Мао избрал простой и гениальный путь — он задрапировал идеи своих «великих преобразований» в белые одежды прошлого, придав им облик разумный и утешительный. Для себя же он выбрал образ этакого китайского Робин Гуда, заступника слабых и обездоленных, гаранта справедливости и стабильности. Идеологическим обоснованием этой мистификации стал средневековый роман «Речные заводи», где воспевались братские связи в шайке разбойников, верность благородному делу, объединяющему крепче кровных уз. Мао узурпировал своё право на трактовку истории, и миллионы китайцев пошли за ним, воодушевлённые рассказами о героическом прошлом народа.
Политтехнологии сработали, а Мао уже стало тесно в доспехах защитника «сирых и убогих», он продолжал выстраивать ассоциативный ряд с этим прошлым. И предстал в тоге Шу Чжуге Ляна — великого стратега и философа III века. Вскоре любая речь или статья Мао изобиловала отсылками к ранним периодам китайской истории. Ещё одной своей ипостасью он сделал императора Цинь, проповедовавшего насилие ради наведения порядка. Так он стал Великим Кормчим, добивавшимся культового поклонения, понимая, что народу нужен «отец нации», который твёрдой рукой ведёт его к всеобщему счастью. Электорат с готовностью откликнулся: началась очередная шумная кампания под лозунгом «Отдайте ваши сердца» — Мао Цзэдуну. Энтузиасты — крестьяне и рабочие, служащие и студенты — как по команде стали призывать друг друга работать как можно больше за меньшую плату.
А после того как Кормчий дал маху с Большим Скачком, попытавшись осуществить форсированную модернизацию, с треском провалившуюся, он понял, что в политике нет места экспериментам, и опять вернулся к проверенной тактике — прикрыть свои поражения покрывалом былых побед. И провозгласил Великую культурную революцию. Начались гонения и репрессии на всех,
«кто смел своё суждение иметь», уничтожение культурных ценностей и институций, стирание родовой памяти.
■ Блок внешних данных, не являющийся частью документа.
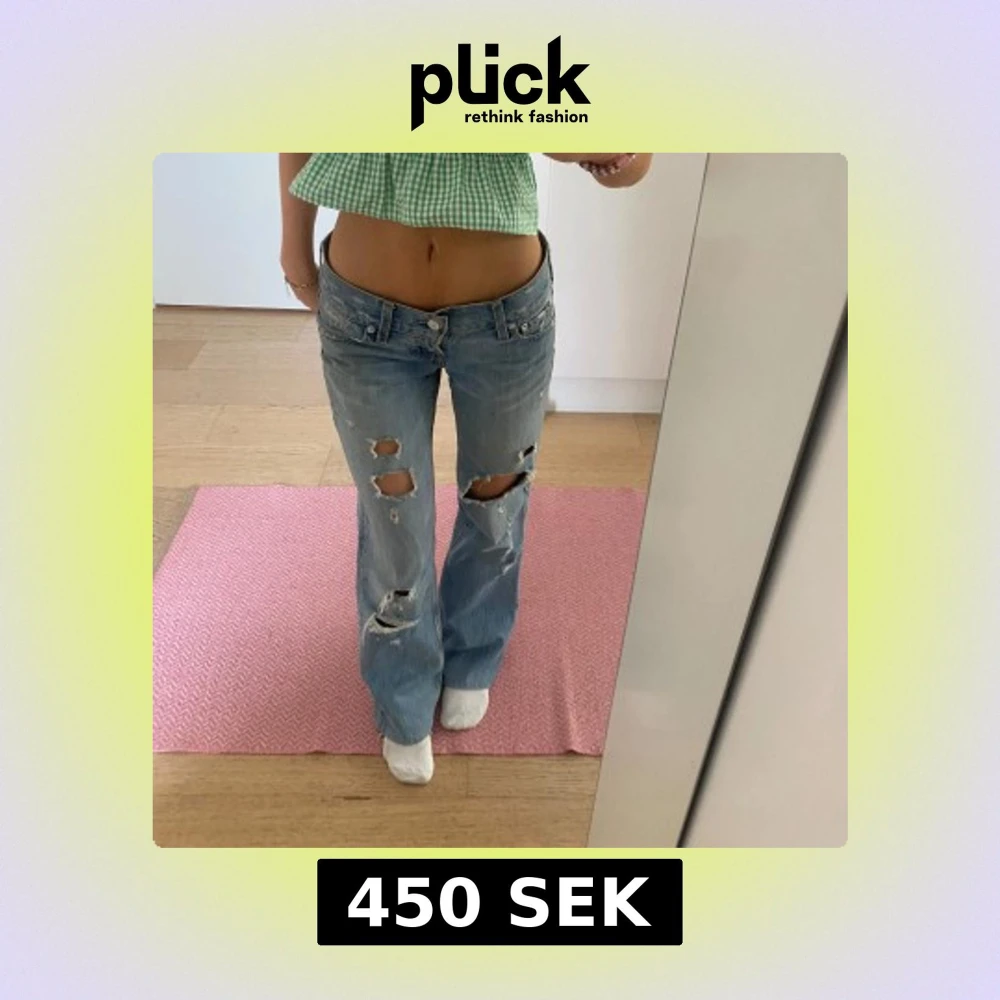 Säljer dessa skit snygga jeans. De är köpta på Plick utan storlek men passar mig som brukar ha 32. Är 160 lång. ( byxorna har ett hål där bak, visas på sista bilderna)

Особо досталось гуманитарным кафедрам университетов, учёным, писателям, всем более менее самостоятельно думающим людям.
Фактически власть оказалась в руках хунвейбинов, сбившихся в обыкновенные банды, заклеившие страну дацзибао о «великих победах китайского народа». В их руках оказалась и судебная власть, откровенно попиравшая все права и свободы.
Были запрещены все книги, искусство.
P.S. Говорят, что времена изменились?
С любовью, Татьяна Филиппова,
главный редактор журнала «Библиотечное Дело»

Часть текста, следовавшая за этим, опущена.